# Calculate 4D features for reactants
## Note: run in `crest` kernel

Here, we calculate steric and electronic descriptors for conformer ensembles of reactants. 
We use [CREST](https://crest-lab.github.io/crest-docs/) to generate conformer ensembles and [MORFEUS](https://digital-chemistry-laboratory.github.io/morfeus/index.html) to calculate Boltzmann-weighted descriptors.

In [None]:
import sys
import pathlib
import json
sys.path.append(str(pathlib.Path().absolute().parent))

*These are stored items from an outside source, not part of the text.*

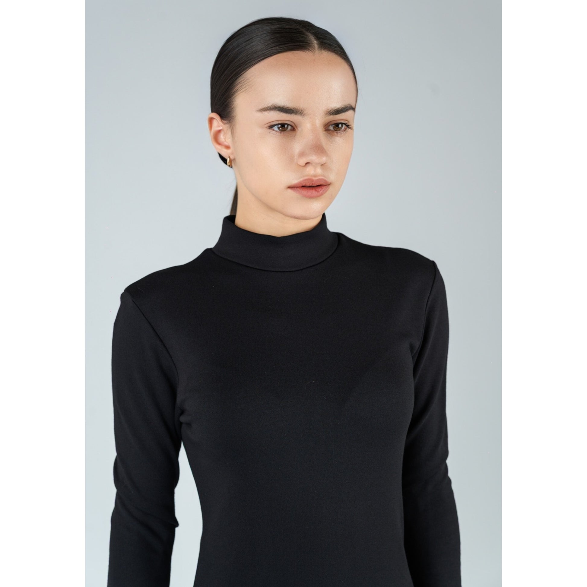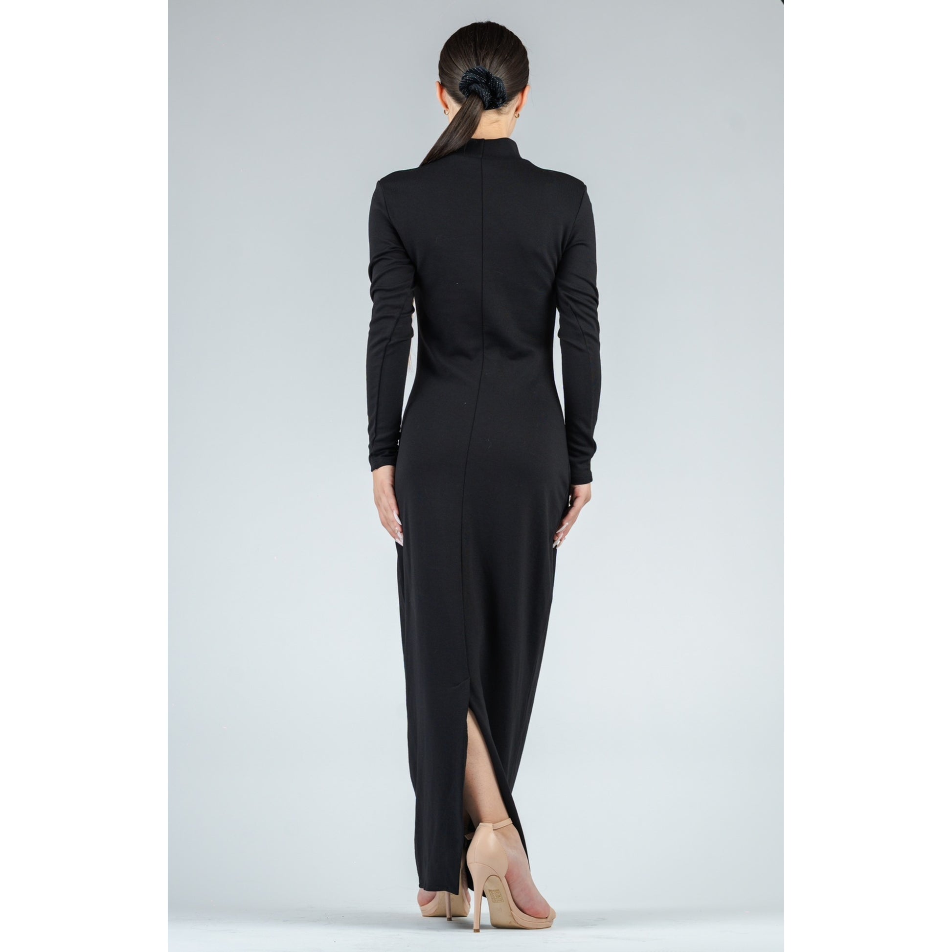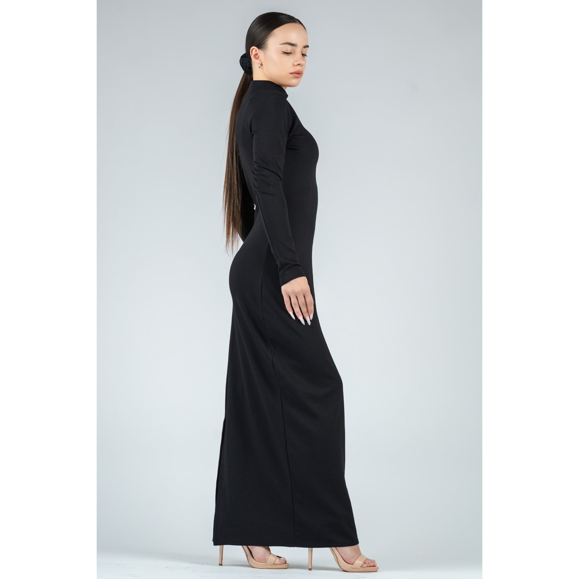Макси рокля с висока яка и дълъг ръкав в черно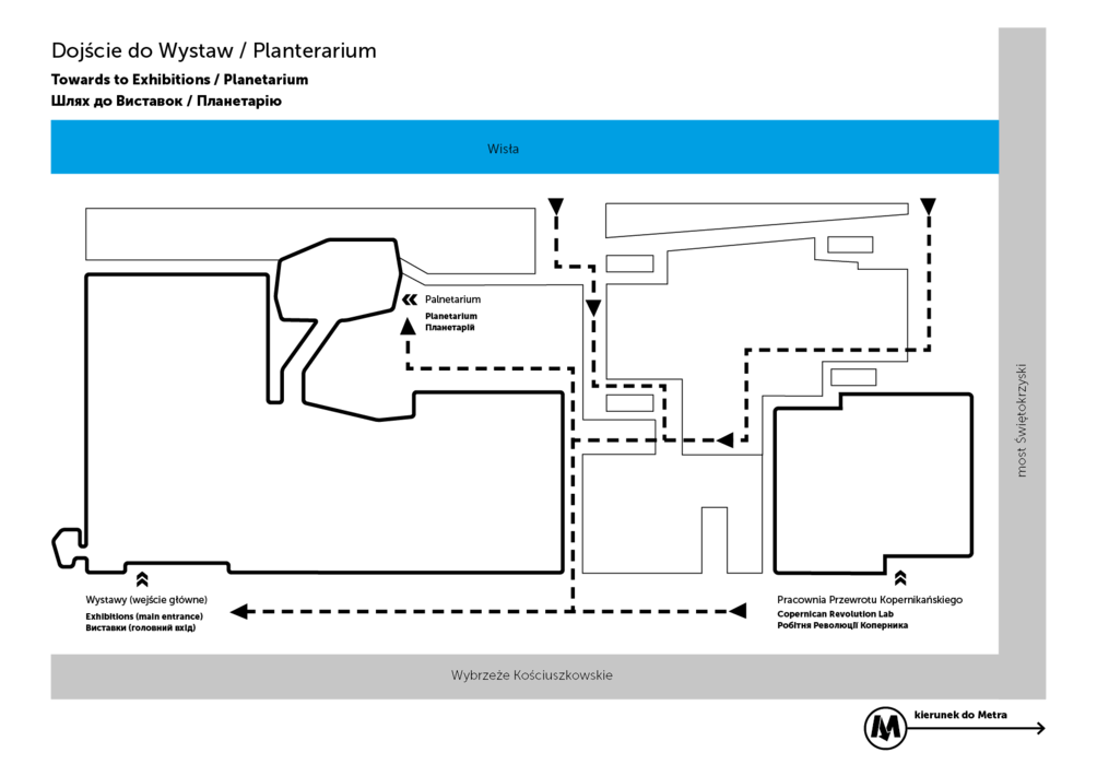 II linią metra — stacja Centrum Nauki Kopernik (prosimy kierować się do wyjścia Wybrzeże Kościuszkowskie)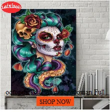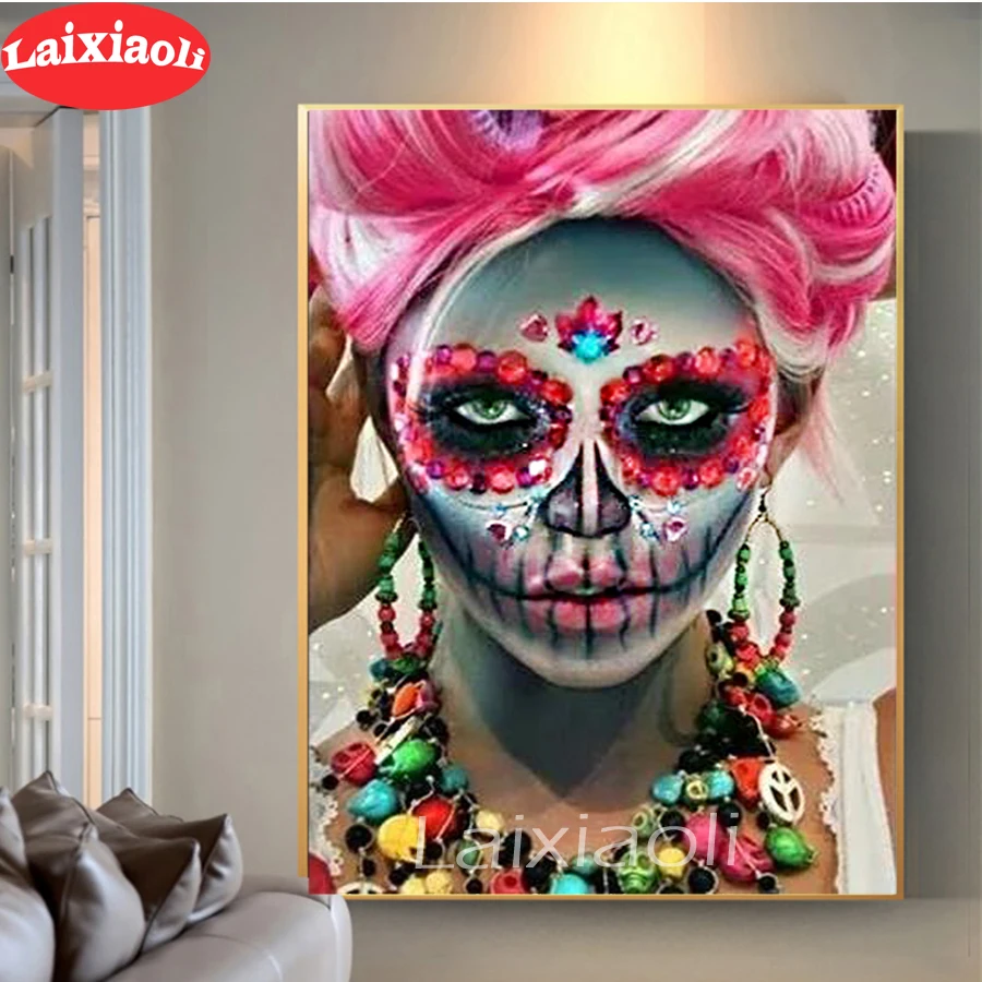 5d Diy Алмазная картина с черепом женская картина полностью квадратная круглая Алмазная вышивка подарок на Хэллоуин мозаика аксессуары для домашнего декора

from rdkit import Chem, RDLogger
from rdkit.Chem import Draw, AllChem, rdmolfiles, SaltRemover, MolStandardize
from rdkit.Chem.rdmolfiles import MolToXYZFile
from rdkit.Chem.SaltRemover import SaltRemover
from rdkit.Chem.MolStandardize import rdMolStandardize
RDLogger.DisableLog('rdApp.info')
import pandas as pd
import morfeus
from morfeus import SASA, XTB, Sterimol
from morfeus.conformer import ConformerEnsemble, conformers_from_rdkit
import numpy as np
import pickle as pkl
import xtb  # n.b. we import this only b/c MORFEUS has an internal error where it can fail to resolve the xtb.utils module if we don't import this

from src.util.definitions import DATA_ROOT
from src.util.rdkit_util import standardize_building_block

In [None]:
data = pd.read_csv(DATA_ROOT / "synferm_dataset_2024-04-18_38586records.csv")

def rename_func(s):
    return s.split("_")[-1]
building_blocks = pd.concat([data[[f"{s}_long", f"{s}_smiles"]].drop_duplicates().rename(columns=rename_func).assign(bb_type=s) for s in "IMT"])
assert len(building_blocks) == 66 + 70 + 41
building_blocks.head()

In [None]:
# define some utility functions
def standardise_smiles(smiles):
    """Desalt and neutralize (except KAT B- that cannot be neutralized). Return the standardized SMILES"""
    remover = SaltRemover()
    uncharger = rdMolStandardize.Uncharger()
    mol = Chem.MolFromSmiles(smiles)
    res = remover.StripMol(mol)
    # remove counterion
    largest_Fragment = rdMolStandardize.LargestFragmentChooser()
    largest_mol = largest_Fragment.choose(mol)
    # neutralize monomers and terminators (i.e. ammoniums) the Uncharger will leave the [B-] as is.
    return Chem.MolToSmiles(uncharger.uncharge(largest_mol))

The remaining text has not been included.